(1.) The question raised by this second appeal is one of considerable importancenamely, whether arable lands are liable to be rated under the Bengal Municipal Act, 1884. The original suit was brought for a declaration that certain land within the limits of the Howrah Municipality, of which the plaintiff was in possession as a cultivator for the purpose of growing betel, was exempt from assessment under Section 85 of the Act, for an injunction restraining the Municipal Commissioners of Howrah, through their Chairman, the defendant, from levying upon it the tax imposed on holdings thereunder, and for the recovery, after refund, of the amount actually realised from the plaintiff in respect of the said tax and costs. The Court of first instance and the lower appellate Court have concurred in dismissing the suit, and the plaintiff has now appealed to this Court.
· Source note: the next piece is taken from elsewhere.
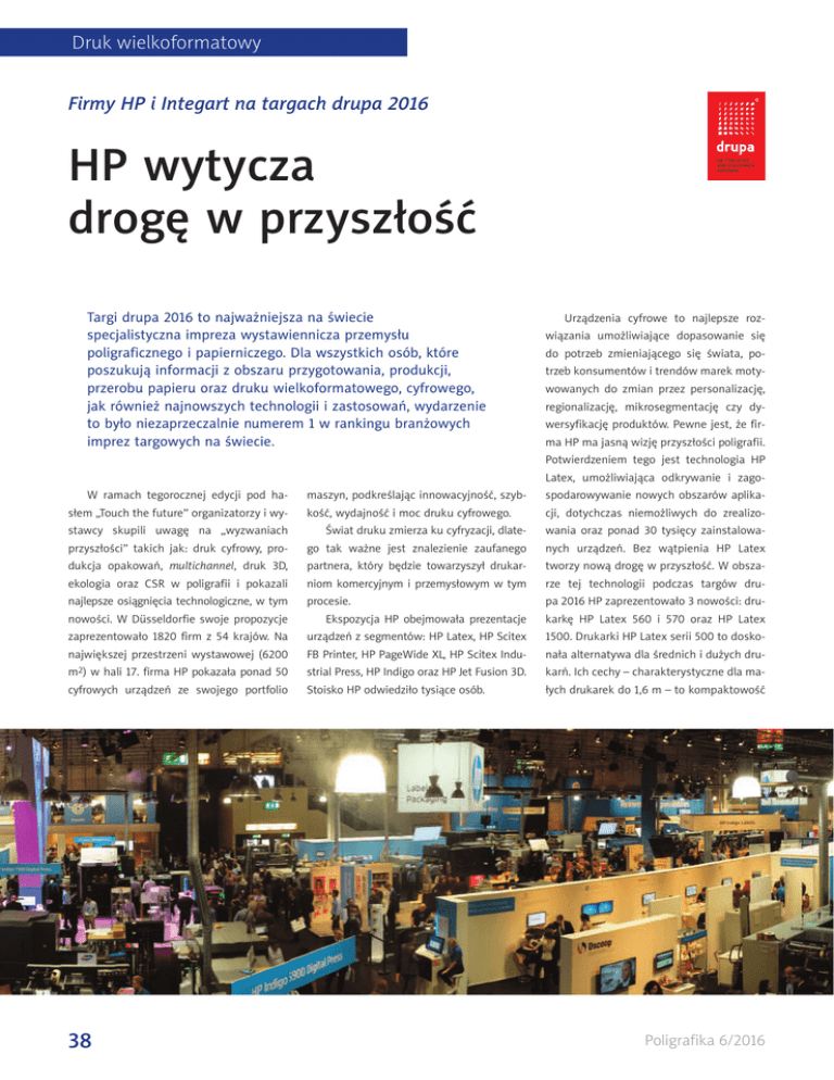 Druk wielkoformatowy Firmy HP i Integart na targach drupa 2016 HP wytycza drogę w przyszłość Targi drupa 2016 to najważniejsza na świecie specjalistyczna impreza wystawiennicza przemysłu poligraficznego i papierniczego. Dla wszystkich osób, które poszukują informacji z obszaru przygotowania, produkcji, przerobu papieru oraz druku wielkoformatowego, cyfrowego, jak również najnowszych technologii i zastosowań, wydarzenie to było niezaprzeczalnie numerem 1 w rankingu branżowych imprez targowych na świecie. Urządzenia cyfrowe to najlepsze rozwiązania umożliwiające dopasowanie się do potrzeb zmieniającego się świata, potrzeb konsumentów i trendów marek motywowanych do zmian przez personalizację, regionalizację, mikrosegmentację czy dywersyfikację produktów. Pewne jest, że firma HP ma jasną wizję przyszłości poligrafii. Potwierdzeniem tego jest technologia HP Latex, umożliwiająca odkrywanie i zago- W ramach tegorocznej edycji pod hasłem „Touch the future” organizatorzy i wy- maszyn, podkreślając innowacyjność, szyb- spodarowywanie nowych obszarów aplika- kość, wydajność i moc druku cyfrowego. cji, dotychczas niemożliwych do zrealizo- stawcy skupili uwagę na „wyzwaniach Świat druku zmierza ku cyfryzacji, dlate- wania oraz ponad 30 tysięcy zainstalowa- przyszłości” takich jak: druk cyfrowy, pro- go tak ważne jest znalezienie zaufanego nych urządzeń. Bez wątpienia HP Latex dukcja opakowań, multichannel, druk 3D, partnera, który będzie towarzyszył drukar- tworzy nową drogę w przyszłość. W obsza- ekologia oraz CSR w poligrafii i pokazali niom komercyjnym i przemysłowym w tym rze tej technologii podczas targów dru- najlepsze osiągnięcia technologiczne, w tym procesie. pa 2016 HP zaprezentowało 3 nowości: dru- nowości. W Düsseldorfie swoje propozycje Ekspozycja HP obejmowała prezentacje karkę HP Latex 560 i 570 oraz HP Latex zaprezentowało 1820 firm z 54 krajów. Na urządzeń z segmentów: HP Latex, HP Scitex 1500. Drukarki HP Latex serii 500 to dosko- największej przestrzeni wystawowej (6200 FB Printer, HP PageWide XL, HP Scitex Indu- nała alternatywa dla średnich i dużych dru- strial Press, HP Indigo oraz HP Jet Fusion 3D. karń. Ich cechy – charakterystyczne dla ma- Stoisko HP odwiedziło tysiące osób. łych drukarek do 1,6 m – to kompaktowość m2) w hali 17. firma HP pokazała ponad 50 cyfrowych urządzeń ze swojego portfolio 38 Poligrafika 6/2016 Druk wielkoformatowy i łatwość w obsłudze, a także wydajność będą zamieszczane na bieżąco na stronie portfolio mediów najlepszych na rynku do- i solidna konstrukcja pozwalające na reali- www.integart.com.pl/events. stawców takich jak: Avery, Junkers&Müllers, zowanie dużych zleceń w krótkim czasie. Z kolei nowa drukarka HP Latex 1500 to Modele z serii HP Latex 500 mają wszyst- bez wątpienia konkurent dla serii 3000, te- kie zalety technologii 3. generacji HP Latex raz dostępny w niedrogim urządzeniu typu Odkrywanie to podstawa działalności w stosunku do ekosolwentu: wysoką jakość superwide. Urządzenie umożliwia przede HP. Technologia PageWide została opraco- i prędkość druku, natychmiastowe schnię- wszystkim szybki wydruk aplikacji o szero- wana na potrzeby maszyn do druku przemy- cie tuszu, odporność na zarysowania, ła- kości do 3,2 m. Zastosowana technologia słowego HP Web Press. Ultraszybka techno- twość użytkowania i ekologiczność charak- gwarantuje utrzymanie tej samej jakości logia druku zrewolucjonizowała oczekiwania terystyczną dla tuszy na bazie wody. za każdym razem. poligrafii, również w wersji biurowej, nada- Stoisko HP na targach drupa 2016 Aplikacje w technologii HP Latex Katalog Printed Interiors Neschen, 3M, Sihl, Berger, Visual Magnetics, Solter, w tym również Integart. Zastosowano również trzy innowacyjne W modelu 1500 znalazły się: głowice jąc nowy standard dokumentom technicz- rozwiązania pozwalające na zwiększenie drukujące HP Thermal Inkjet, czujnik optycz- nym w wydaniu XL. Urządzenia te świetnie wydajności i skrócenie czasu obsługi: ny przesuwania nośnika, spektrofotometr, sprawdzają się w realizacjach prac CAD- I stół obrotowy, czyli nowy, połączony mo- silny podajnik roll-to-roll, podświetlana dio- owskich, druku map czy zastosowaniach duł podawania i odbierania nośników; dami LED strefa druku, serwer druku oraz la- do reklamy. Spełnione oczekiwania w zakre- ulepszony system suszenia z kolekto- tarnia statusu umożliwiająca szybki, zdalny sie tempa pracy, jakości koloru, wydajności rem skroplin; monitoring urządzenia. energetycznej oraz kosztów eksploatacji po- I I głowica typu optimizer zwiększająca prędkość i jakość druku. Seria HP Latex 500 posiada bezwałko- wy system podawania, a wszystkie zadania Atrakcyjna cena, szeroka gama zastoso- zwalają firmom na całym świecie osiągać wań aplikacyjnych oraz wysoka jakość i wy- przewagę konkurencyjną. Od czerwca tego dajność sprawiają, że urządzenie znajdzie roku Integart posiada w swoim portfolio no- szerokie zastosowanie w różnych branżach, we drukarki HP PageWide XL. od reklamowej po dekoracje wnętrz. Już 8 lipca br. firma zaprasza na pre-- operatora są wykonywane z przodu maszy- Firma HP przoduje w rozwiązaniach apli- mierowy pokaz urządzenia HP PageWide ny. Drukarki wytrzymują ciężar większych kacyjnych stosowanych we wnętrzach; za jej XL 8000 do HP Demo w Błoniu pod Wro- rolek o wadze do 55 kg i średnicy 250 mm, przykładem zmienia się tradycyjne podejście cławiem. co oznacza możliwość podawania 100-me- do aranżacji wnętrz. Na targach drupa obok Pokaz osiągnięć i nowości HP Digital trowych rolek np. samoprzylepnych folii wi- ekspozycji mediów zostało zaprezentowane na targach drupa 2016 pokazuje, że przy- nylowych. Praktyczną innowacją pomagają- najnowsze wydanie katalogu „Portfolio Do- szłość druku komercyjnego jest napędzana cą w ogran

(2.) That Section 85 of the Act provides in clear and unambiguous language for the imposition of a tax upon all holdings" or, in the alternative, of a tax upon all persons occupying holdings" in a Municipal area cannot, of course, be gainsaid; and the question before us thus resolves itself into one as to whether or not a parcel of arable land, occupied as such, is a holding" within the purview of the enactment.
(3.) By Section 6, Clause (3), of the Act the expression holding" is defined as meaning land held under one title or agreement and surrounded by one set of boundaries, while land" is made, by Clause (5) of the same section, to include things attached to the earth; so that it is equally indisputable that the word holding" is, in itself, wide enough to cover arable land.